Primary	Time to peak plasma concentration (Tmax)	Change in Tmax at each dose level on Day 1.	At baseline, 5, 15, 30, 45 and 60 minutes post-end of inhalation for the first RT234 dose and at 5, 15, 30, 45, 60, 75, 90, 105 and 120 minutes post-end of inhalation for the second RT234 dose.
Primary	Area under the plasma concentration versus time curve (AUC)	Change in AUC at each dose level on Day 1.	At baseline, 5, 15, 30, 45 and 60 minutes post-end of inhalation for the first RT234 dose and at 5, 15, 30, 45, 60, 75, 90, 105 and 120 minutes post-end of inhalation for the second RT234 dose.

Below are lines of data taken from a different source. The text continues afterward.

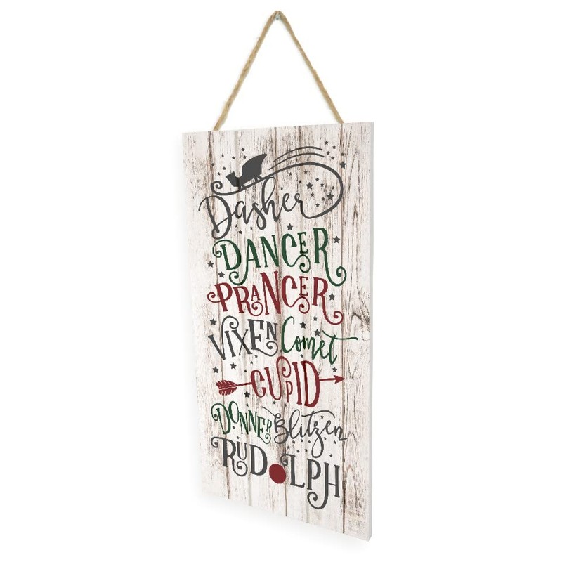 Reindeer Names Wooden Plank Hanging Wall Decor Sign Whitewash Wood Style 5x10
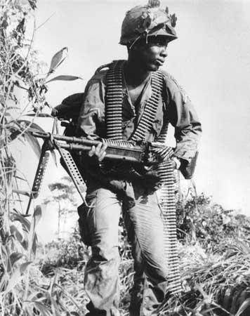 Au cours des années 1960 et 1970, de plus en plus d’Afro-Américains obtinrent des commissions d’officiers et ils bénéficièrent d’un traitement plus équitable quant aux possibilités de promotion. Lors de la guerre du Vietnam, alors que les Noirs représentaient environ 12% de la population américaine, ceux-ci constituaient 12% des effectifs engagés et ils représentèrent en fin de compte 12% des pertes au combat.
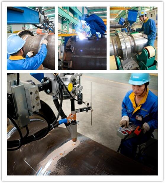 此次配套生产的旋风分离器部件,主要由裙座、封头、筒体,法兰以及内件组成。产品加工过程中,结构复杂、部件种类多、加工工艺复杂、产品配套精度高等是道道难题。比如仅法兰就有端头法兰和人孔法兰,人孔法兰又存在2种规格,法兰焊接时又需采用3种不同的焊接方式进行配套。为按期交付终端客户,大明重工由生产管理部牵头成立了专项小组,生产二部、技术部相互配合,探讨制定了缜密的技术方案和合理的生产计划。通过道道流程的严格把关,最终保证了加工项目的顺利进行,获得客户的高度赞扬。
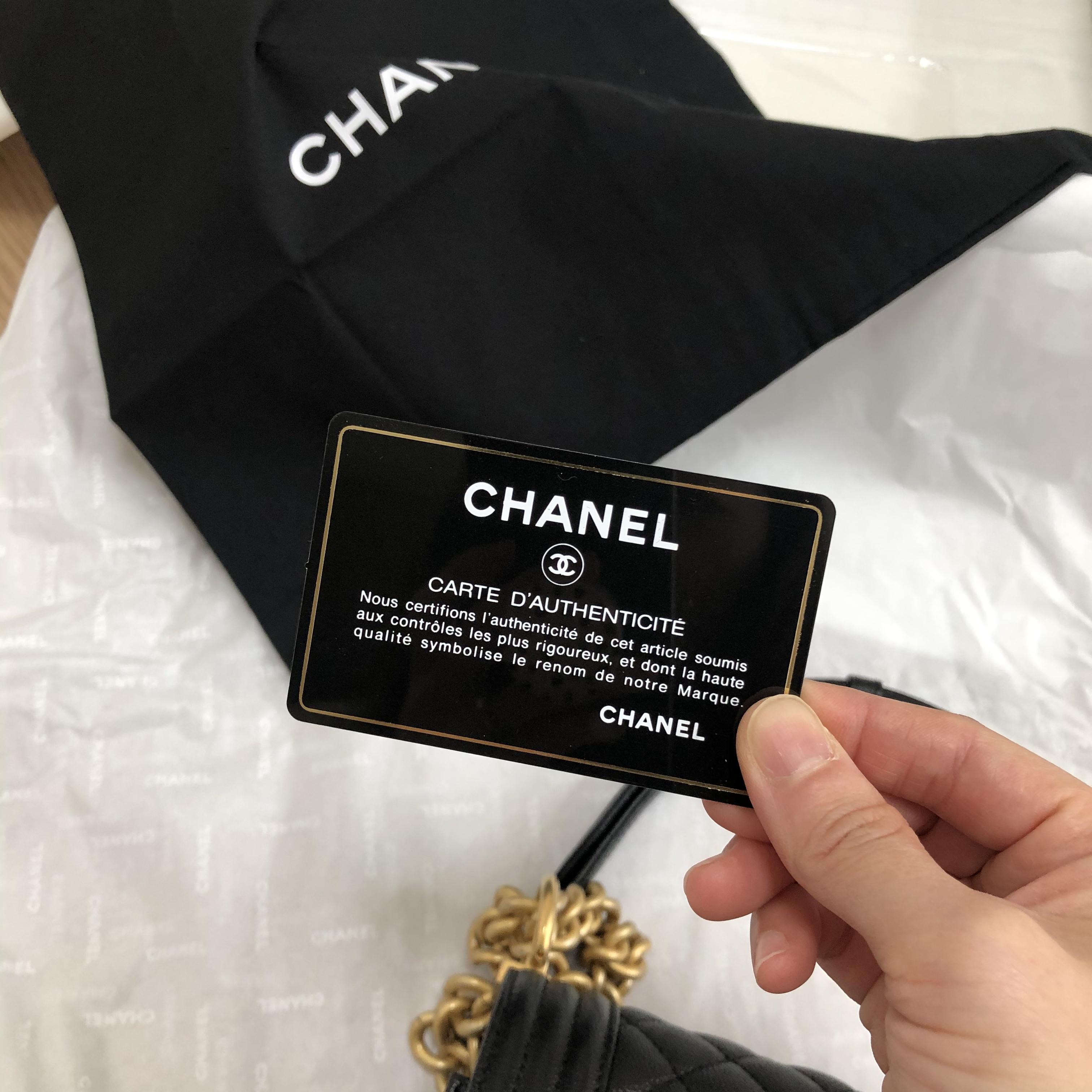 샤넬 보이백 미듐 빈티지 금장 캐비어 투명 보호 필름도 다 떼고, 가방 안을 확인해 보았다.
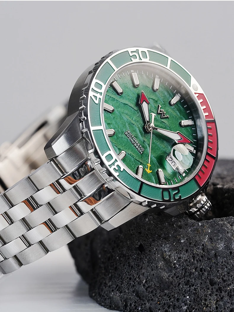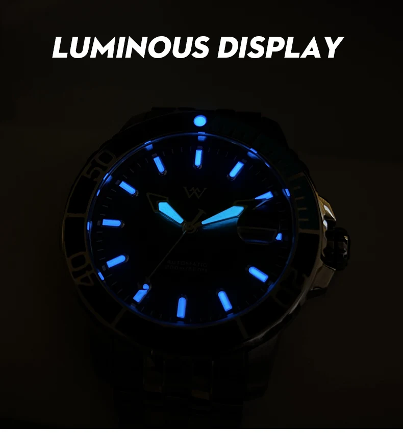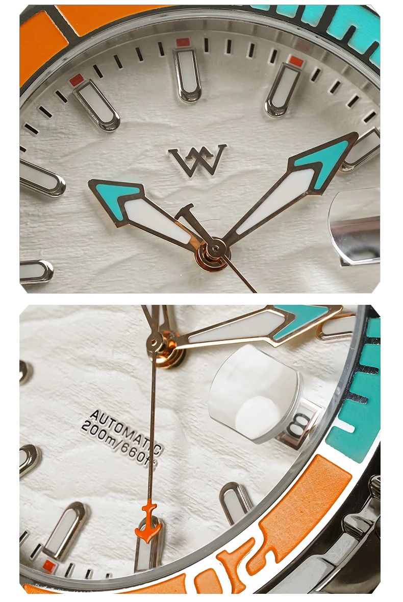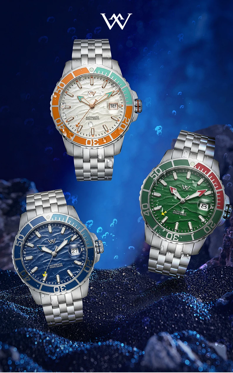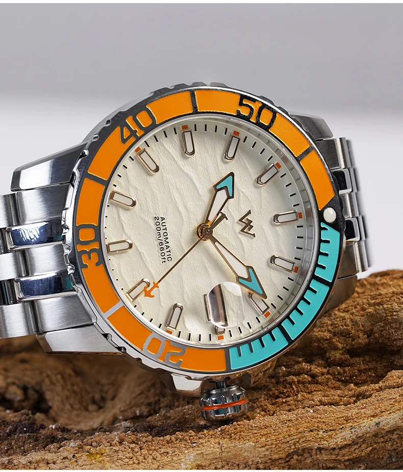 A very well-made, eye catching 200mtrs diving watch, carefully regulated +2sec/day, no sharp edges including bracelet and clasp. Easy to shorten. The bezel is cleanly milled, polished and inlaid. A large, well-protected crown and very good luminescence. Diameter all over 45mm. Fast delivery. What more could you want? My 3rd welly merck watch.

Primary	Terminal half-life	Change in terminal half-life at each dose level on Day 1.	At baseline, 5, 15, 30, 45 and 60 minutes post-end of inhalation for the first RT234 dose and at 5, 15, 30, 45, 60, 75, 90, 105 and 120 minutes post-end of inhalation for the second RT234 dose.
Primary	Change in pulmonary vascular resistance (PVR)	Maximal change from baseline in PVR assessed at the time by right heart catheterisation (RHC).	At baseline, 5, 15, 30, 45 and 60 minutes post-end of inhalation for the first RT234 dose and at 5, 15, 30, 45, 60, 75, 90, 105 and 120 minutes post-end of inhalation for the second RT234 dose on Day 1.